6.29.2011

WikiLeaks Haiti: The Earthquake Cables | The Nation

WikiLeaks Haiti: The Earthquake Cables | The Nation
http://www.thenation.com/article/161459/wikileaks-haiti-earthquake-cables
  • Washington deployed 22,000 troops to Haiti after the January 12, 2010, earthquake despite reports from the Haitian leadership, the US Embassy and the UN that no serious security threat existed, according to secret US diplomatic cables.

  • Washington’s decision to send thousands of troops in response to the 7.0 earthquake that rocked the Haitian capital and surrounding areas drew sharp criticism from aid workers and government officials around the world at the time. They criticized the militarized response to Haiti’s humanitarian crisis as inappropriate and counterproductive. French Cooperation Minister Alain Joyandet famously said that international aid efforts should be “about helping Haiti, not about occupying Haiti.”
  • cables also show that Washington was very sensitive to international criticism of its response and that Secretary of State Hillary Clinton mobilized her diplomatic corps to ferret out “irresponsible journalism” worldwide and “take action” to “get the narrative right.”
  • On January 17, Haitian President René Préval issued a “joint communiqué” with Clinton, in which Haiti requested that the United States “assist as needed in augmenting security,” helping to diminish the appearance of a unilateral US action and providing the rationale for what was to be the third US military intervention of Haiti in the past twenty years.
  • Meanwhile, the UN claimed that its 9,000 occupation troops and police officers had the situation under control.

  • President Préval laid out priorities: “Re-establish telephone communications; Clear the streets of debris and bodies; Provide food and water to the population; Bury cadavers; Treat the injured; Coordination” among groups amid the destruction, a January 16 cable explains. Préval did not mention insecurity as a major concern. He did not ask for military troops.
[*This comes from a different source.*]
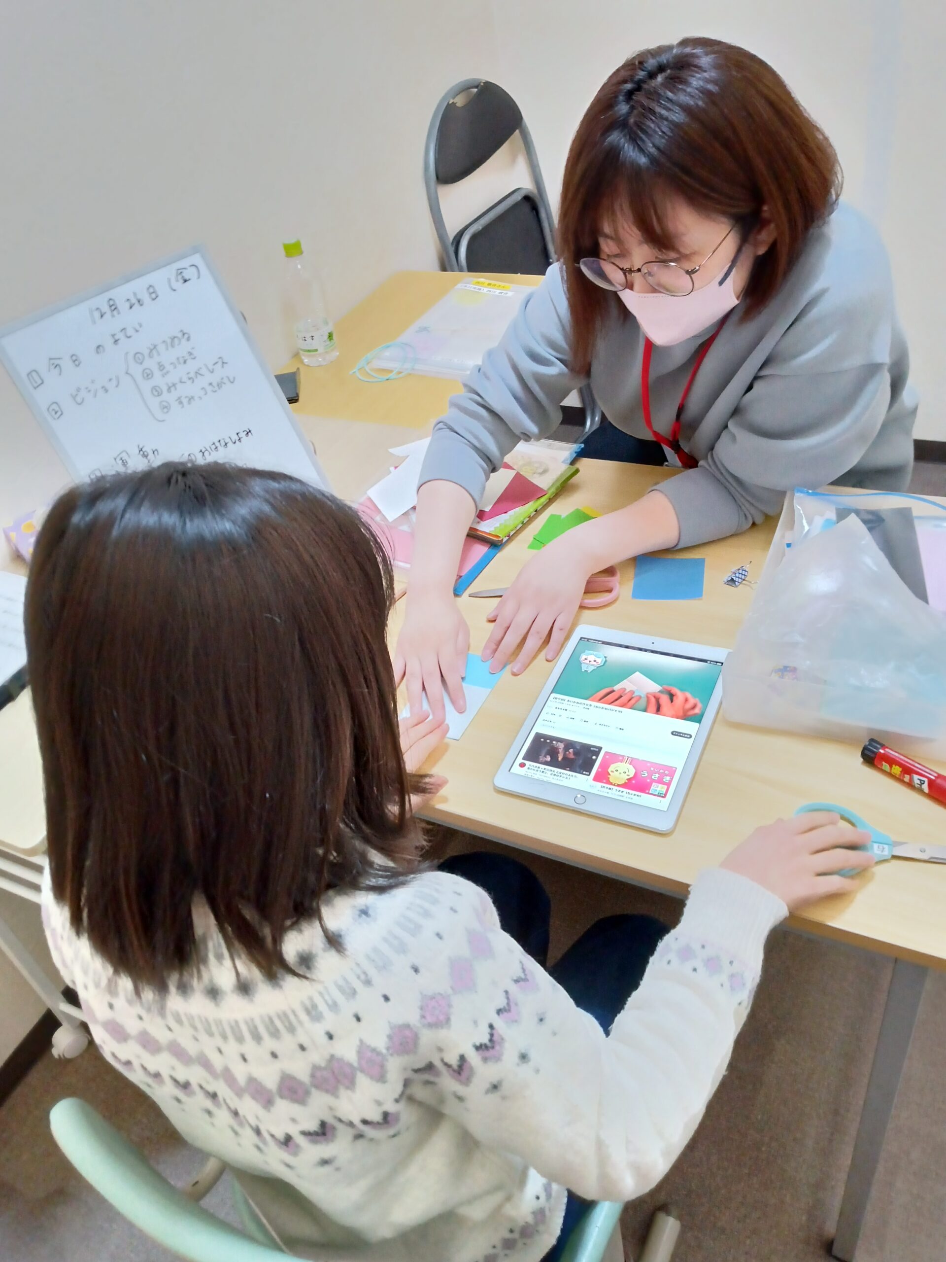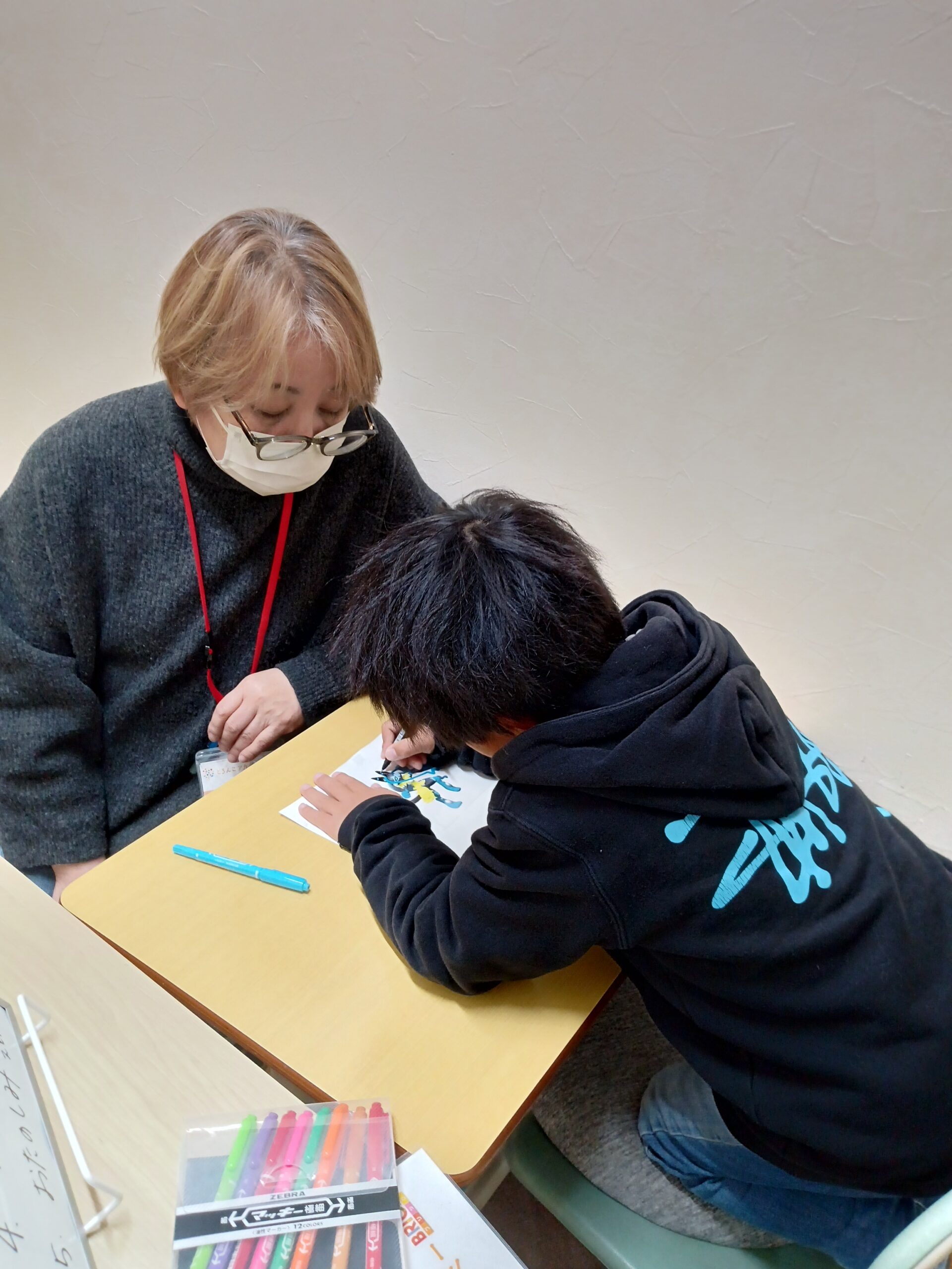 最後の3枚の写真を紹介します。お正月には家族で楽しむ人もいると思います、百人一首の様子です。次は、子どもたちに人気のちいかわの折り紙に取り組んでいる様子です。そして最後の写真は、「プラ板キーホルダー」を作っている様子です。お楽しみの時間や、リラックスの時間は、自分の好きなことに取り組める貴重な時間だと、再認識しました。

  • The US government had already initiated the deployment of considerable military assets to Haiti, according to the secret State Department cables--before the Haitian government, it appears, formally requested assistance. At its peak, the US military response included 22,000 soldiers--7,000 based on land and the remainder operating aboard fifty-eight aircraft and fifteen nearby vessels, according to the Pentagon. The Coast Guard was also flying spotter aircraft along Haiti’s coast to intercept any refugees from the disaster.
  • A January 14 cable from Secretary of State Hillary Clinton to US Embassies and Pentagon commands worldwide said that the US Embassy in Haiti “anticipates significant food shortages and looting in the affected areas.” But subsequent dispatches from Ambassador Merten in Haiti repeatedly describe "only sporadic” incidents of violence and looting.
  • One January 19 cable said that the “security situation in Haiti remains calm overall with no indications of mass migration towards North America.” Another cable that day said, “Residents were residing in made-shift [sic] camps in available open areas, and they had not yet received any humanitarian supplies from relief organization. Nonetheless, the residents were civil, calm, polite, solemn and seemed to be well-organized while they were searching for belongings in the ruins of their homes.”
  • On January 19, Democracy Now!’s crew along with Haïti Liberté’s Kim Ives arrived at the General Hospital around 1 pm, shortly after troops from the 82nd Airborne Division. They found the soldiers, guns in hand, standing behind the hospital’s closed main gate. The troops had orders to provide “security” by denying entrance to a crowd of hundreds, including injured earthquake victims and family members of patients bringing them food or medicine.
  • “Here were people who were going in and out of the hospital bringing food to their loved ones in there or needing to go to the hospital, and there were a bunch of...US 82nd Airborne soldiers in front yelling in English at this crowd. They didn’t know what they were doing. They were creating more chaos rather than diminishing it. It was a comedy, if it weren’t so tragic.... They had no business being there.”
  • The enormous influx of US military personnel, weapons and equipment into the airport prompted a chorus of protest from mid-level French, Italian and Brazilian officials, as well as the aid group Doctors Without Borders. They were outraged that planes carrying vital humanitarian supplies were being prevented from landing, or delayed, sometimes for days.
  • “We had a whole freaking plane full of the friggin’ medicine!” Douglas Copp, an American rescue worker, said outside a UN base not long after the quake. The US military, which had taken over the Port-au-Prince airport, would not give clearance for the Peruvian military plane to land. It had to divert to the Dominican capital, 150 miles away. “In Santo Domingo, we got a bus, and we came into Haiti with just the things we could fit in the bus,” Copp exclaimed.
  • Haitian business owners were the most worried about security, especially for their factories, according to the cables. Five days after the quake, Ambassador Merten met with representatives of Haiti’s business sector, who said “their major concern is security at all levels, to include security of goods, at marketplaces, and for ports of entry.” Later, they asked the UN occupation troops “to provide security for reopened factories, and pledged to re-open in weeks.” Embassy officers met again with Haitian business leaders one week later.